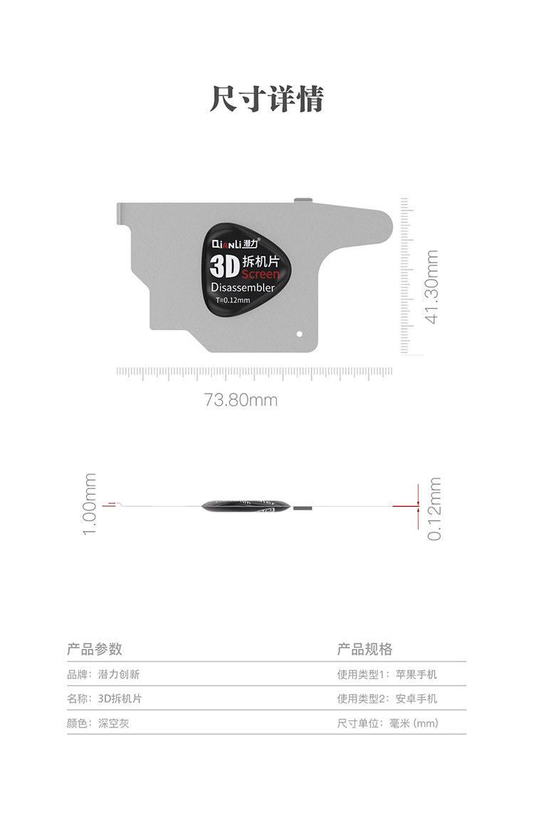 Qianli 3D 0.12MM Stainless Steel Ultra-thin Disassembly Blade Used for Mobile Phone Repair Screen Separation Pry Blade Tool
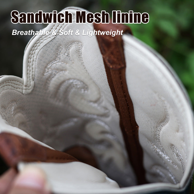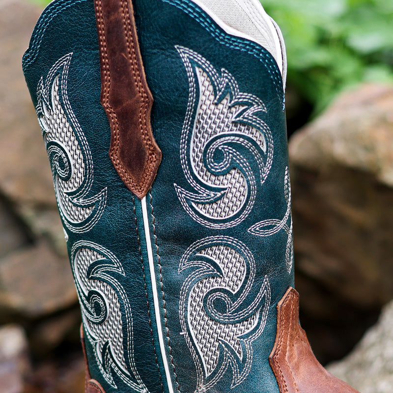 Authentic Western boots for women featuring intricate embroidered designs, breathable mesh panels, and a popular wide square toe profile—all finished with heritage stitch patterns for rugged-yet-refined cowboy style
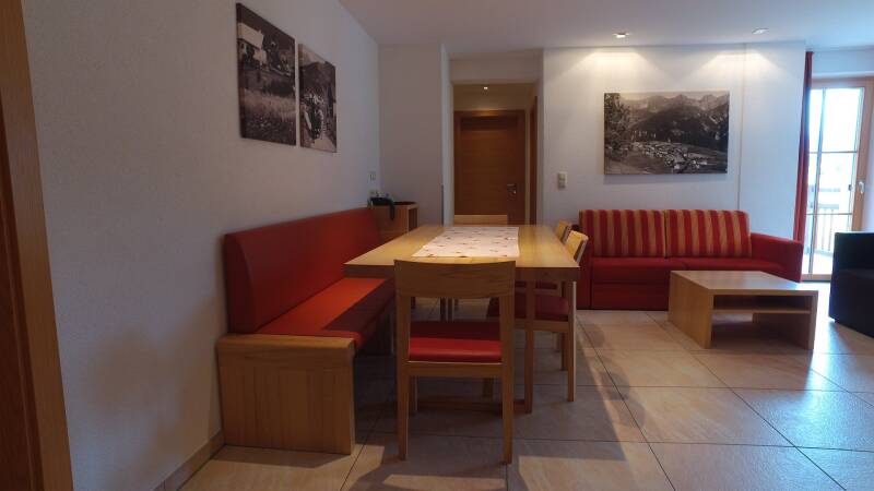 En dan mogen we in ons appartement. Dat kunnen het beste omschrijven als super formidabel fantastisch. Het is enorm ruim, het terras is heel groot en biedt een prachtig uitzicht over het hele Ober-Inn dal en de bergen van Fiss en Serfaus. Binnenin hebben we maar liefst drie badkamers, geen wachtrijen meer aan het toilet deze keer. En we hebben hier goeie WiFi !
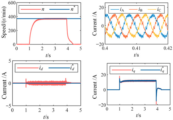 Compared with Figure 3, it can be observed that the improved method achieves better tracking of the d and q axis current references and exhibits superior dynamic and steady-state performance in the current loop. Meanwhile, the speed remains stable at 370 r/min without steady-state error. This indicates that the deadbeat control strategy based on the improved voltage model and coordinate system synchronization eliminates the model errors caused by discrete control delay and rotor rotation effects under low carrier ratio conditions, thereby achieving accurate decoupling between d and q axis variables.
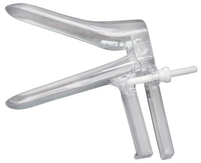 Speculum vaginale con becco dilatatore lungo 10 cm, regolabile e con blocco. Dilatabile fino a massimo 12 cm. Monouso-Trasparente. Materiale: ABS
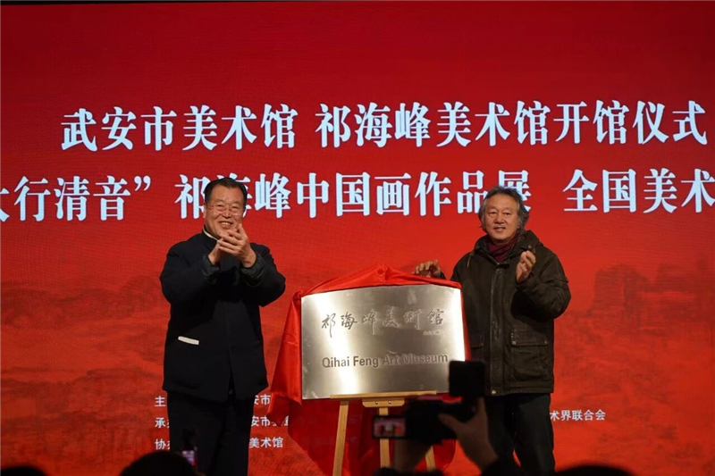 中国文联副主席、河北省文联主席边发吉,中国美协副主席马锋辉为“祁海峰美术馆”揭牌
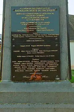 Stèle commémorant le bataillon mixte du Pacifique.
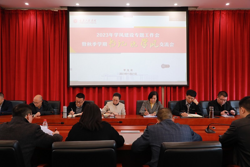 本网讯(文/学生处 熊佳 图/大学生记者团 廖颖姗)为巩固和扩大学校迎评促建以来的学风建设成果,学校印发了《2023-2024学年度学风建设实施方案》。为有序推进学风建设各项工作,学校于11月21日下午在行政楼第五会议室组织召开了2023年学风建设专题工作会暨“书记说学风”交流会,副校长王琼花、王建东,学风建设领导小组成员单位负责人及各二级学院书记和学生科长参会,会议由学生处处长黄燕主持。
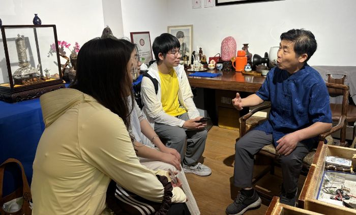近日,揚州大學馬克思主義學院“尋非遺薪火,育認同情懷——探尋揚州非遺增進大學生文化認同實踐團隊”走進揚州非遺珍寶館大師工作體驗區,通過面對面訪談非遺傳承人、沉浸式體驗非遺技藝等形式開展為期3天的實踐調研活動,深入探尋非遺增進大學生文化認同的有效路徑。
────────
- Required work: Once the line containing "Speculum vaginale con" is found in the records above, it and every line after it up to the last must be repeated exactly, without pictures.

- Problem solution:
 Speculum vaginale con becco dilatatore lungo 10 cm, regolabile e con blocco. Dilatabile fino a massimo 12 cm. Monouso-Trasparente. Materiale: ABS
 中国文联副主席、河北省文联主席边发吉,中国美协副主席马锋辉为“祁海峰美术馆”揭牌
 Stèle commémorant le bataillon mixte du Pacifique.
 本网讯(文/学生处 熊佳 图/大学生记者团 廖颖姗)为巩固和扩大学校迎评促建以来的学风建设成果,学校印发了《2023-2024学年度学风建设实施方案》。为有序推进学风建设各项工作,学校于11月21日下午在行政楼第五会议室组织召开了2023年学风建设专题工作会暨“书记说学风”交流会,副校长王琼花、王建东,学风建设领导小组成员单位负责人及各二级学院书记和学生科长参会,会议由学生处处长黄燕主持。
近日,揚州大學馬克思主義學院“尋非遺薪火,育認同情懷——探尋揚州非遺增進大學生文化認同實踐團隊”走進揚州非遺珍寶館大師工作體驗區,通過面對面訪談非遺傳承人、沉浸式體驗非遺技藝等形式開展為期3天的實踐調研活動,深入探尋非遺增進大學生文化認同的有效路徑。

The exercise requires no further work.